Cereal crop production gains under conventional agricultural systems in India have been declining in recent years because of inadequate management practices, creating a considerable concern. These activities were shown to deplete soil organic matter stocks, resulting in a decrease in microbial activity and soil organic carbon (SOC) content. Moreover, even with minimal use of organic sources in cultivated land, soil carbon status deteriorated, particularly in subtropical climates. Integrated nutrient management (INM), a modified farming method, has the potential to effectively utilize organic and inorganic resources, to improve the quality of soils and crops, and making farming more economically viable and sustainable. The aim of this study was to use metaanalysis to quantify the effects of INM on crop production, soil carbon, and microbial activity in Indian soils. During the years 1989–2018, data from various research studies in India, mainly on nutrient management in rice and wheat crops, were collected. Meta-Win 2.1 software was used to analyze the results, and significance was determined at p < 0.05. The results showed that the yield of rice and wheat was 1.4 and 4.9% more in INM than that in 100% NPK (N: nitrogen, P: phosphorous, and K: potassium), and that respective yields were comparatively higher in loamy soils (2.8%) and clayey soils (1.0%). The INM treatment increased SOC and microbial biomass carbon (MBC), resulting in improved overall soil quality. The SOC stock was increased by 23.8% in rice, 15.1% in wheat, 25.3% in loamy soils, and 14.4% in clayey soils in INM over 100% NPK. Microbial quotient (MQ) data showed significant trends between different management systems in both soil types, for example, INM > 100% NPK > No NPK. Due to more soil cracking and reduced aggregate stability in the rice field (greater short-term soil structural changes), the SOC stock loss in rice was higher than that in wheat.
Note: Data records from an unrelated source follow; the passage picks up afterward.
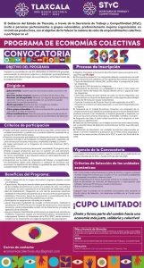 Tlaxcala, Tlax; 10 de abril de 2025 (PulsoRed) La Secretaría de Trabajo y Competitividad (STyC) lanzó la convocatoria 2025 del Programa de Economías Colectivas (PEC), una estrategia que busca fortalecer el bienestar económico y social de las y los tlaxcaltecas mediante el impulso a la cadena de valor de emprendimientos colectivos y la promoción de la economía social y solidaria.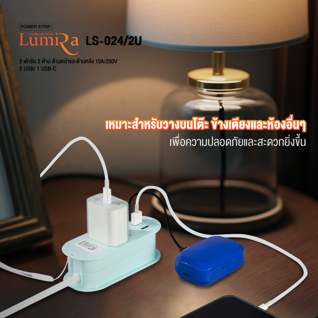 เหมาะกับโต๊ะทำงาน มุมหัวเตียง หรือพกพาไปใช้นอกสถานที่ มาพร้อมฟังก์ชันครบ ทั้งช่องเสียบไฟ, USB 2 ช่อง, และ Type-C ในขนาดเล็กกะทัดรัด พร้อมสวิตช์เปิด-ปิด และสายไฟยาว 1.2 เมตร ปลอดภัย มั่นใจ ด้วยมาตรฐาน มอก.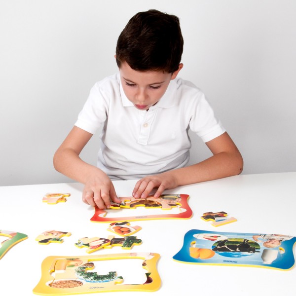 4 puzzle-uri concepute pentru a invata copii despre alimentele de baza si originea lor, fie ca este vorba de cele animale sau vegetale.

The CO2 equivalent emissions were 7.9 Mg ha−1 higher in no NPK (control) than in 100% NPK, and 16.4 Mg ha−1 higher in control than in INM. In other words, INM increased soil carbon sequestration by 2.3 Mg ha−1 as compared to using 100% NPK. Overall, the findings of this study show that INM could be a viable farming system mode in India for improving crop production, increasing soil carbon sequestration, and improving microbial activity while remaining economically and environmentally sustainable.